From the user's point of view, operation of a software package programmed in OpenCL is practically the same as of a classically programmed code. However, the user should be aware that not all the functions are ported to OpenGL. It would not be desirable for at least two reasons:

Not all the software operations would gain in speed when re-programmed for massive parallel processing.
Graphic cards have limited internal memory and saturating it with data needed for auxiliary operations would be counterproductive to overall performance of the software.

QW-Simulator GPU and QW-Simulator MultiGPU are currently optimised for application on modern PC graphic cards of a massively parallel architecture. For the above reasons, only the parts of the code judged crucial to the speed of processing have been ported to OpenCL. Other parts are still executed on CPU. Such a scheme of operation may sometimes require a transfer of large amounts of data between the CPU and graphic card memories, which requires some additional time. Thus the gain in speed with respect to a regular CPU version depends on the actually simulated scenario and the required postprocessings.
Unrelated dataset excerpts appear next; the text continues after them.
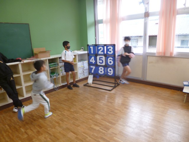 11日の火曜日のロング昼休みにたてわり活動を行いました。今回も6年生が遊びの内容を話し合ってくれました。1班と2班は体育館でドッジボールの対戦をしました。3班は、ストラックアウトと割り箸鉄砲を使った的当て、4班は、長縄を行いました。5班は、運動場でドッジボール。6班は、教室で座布団取りゲームと震源地ゲームを行いました。どの班もみんなで楽しむことができました。
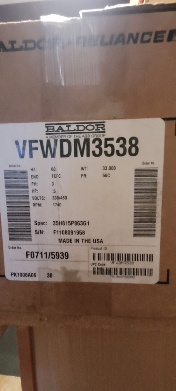 MAKE OFFER! .5HP, 1/2 HP 1770 RPM Baldor-Reliance Food Grade-BISSC Certified VFWDM3538, Frame 56C, TEFC, ND, 230/460 Volts (5 units available) Suitable for food grade (H1) applications. Units are also BISSC certified (Baking Industry Sanitation Standards Committee). (5) UNITS AVAILABLE, ALL NEW IN FACTORY BOXES, 4 IN PLASTIC WRAP, LOOK CLOSELY AT PICTURES Features:
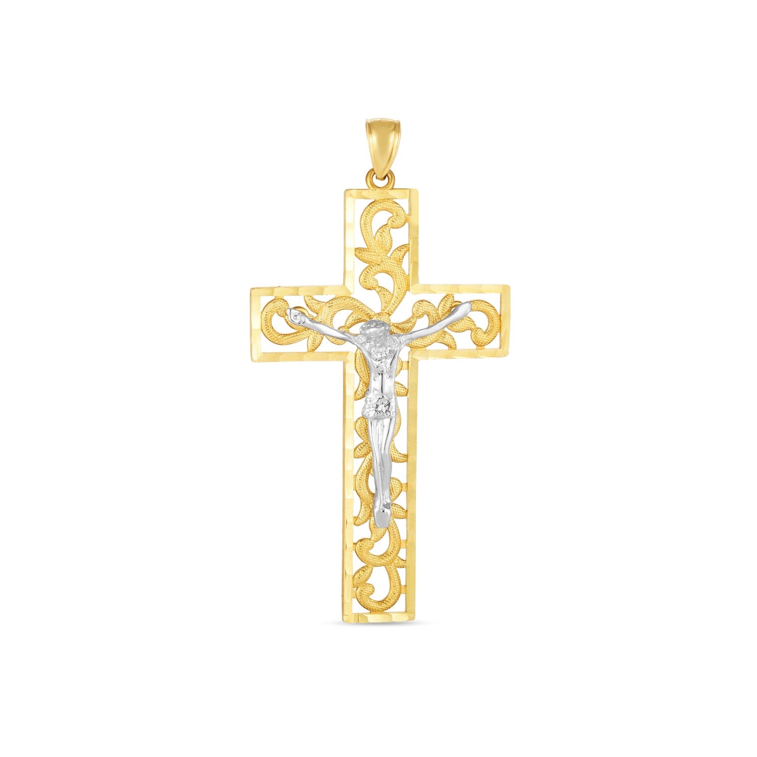 This highly fashionable Two-Tone Diamond Cut Pendant is crafted in 14k yellow & white gold with a high polish finish & hangs from a sleek bail. Perfect for pairing with any basic chain.
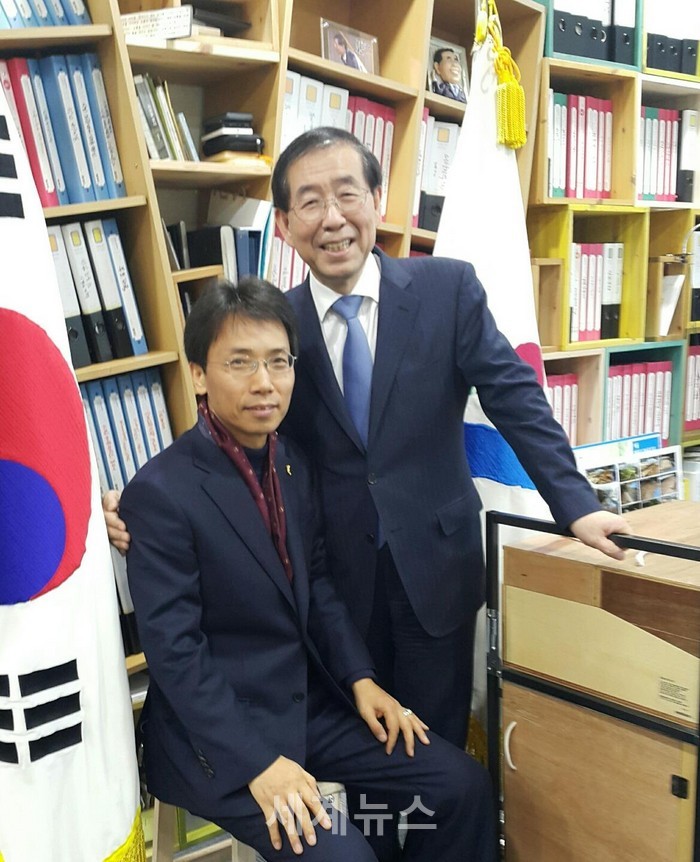 ▲ 박원순 서울시장실을 방문한 김광수 서울시의원과 기념촬영을 하고 있다. © 세계뉴스 |
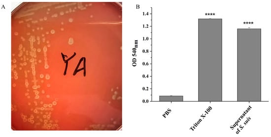 Hemolysis analysis of the S. suis strain YA. (A) Colony morphology of the S. suis strain YA on sheep blood agar plates. (B) The OD 540 nm value of PBS (negative control), Triton X-100 (positive control), and supernatant of S. suis culture. **** indicates a highly difference compared to the PBS group (p < 0.0001).
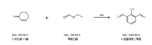 2.通过2-环己烯-1-酮和甲酸乙酯合成2-羟基间苯二甲醛,收率约10%;

QWED has made an extensive effort to provide the code providing the best possible speedups for most practical scenarios. We cannot exclude that in some specific scenarios the speedup may be smaller than for the typical ones exemplified in Section GL 3. We encourage QW-3D users to report such cases to QWED. We will take those observations into account when preparing consecutive QW-Simulator GPU and QW-Simulator MultiGPU versions.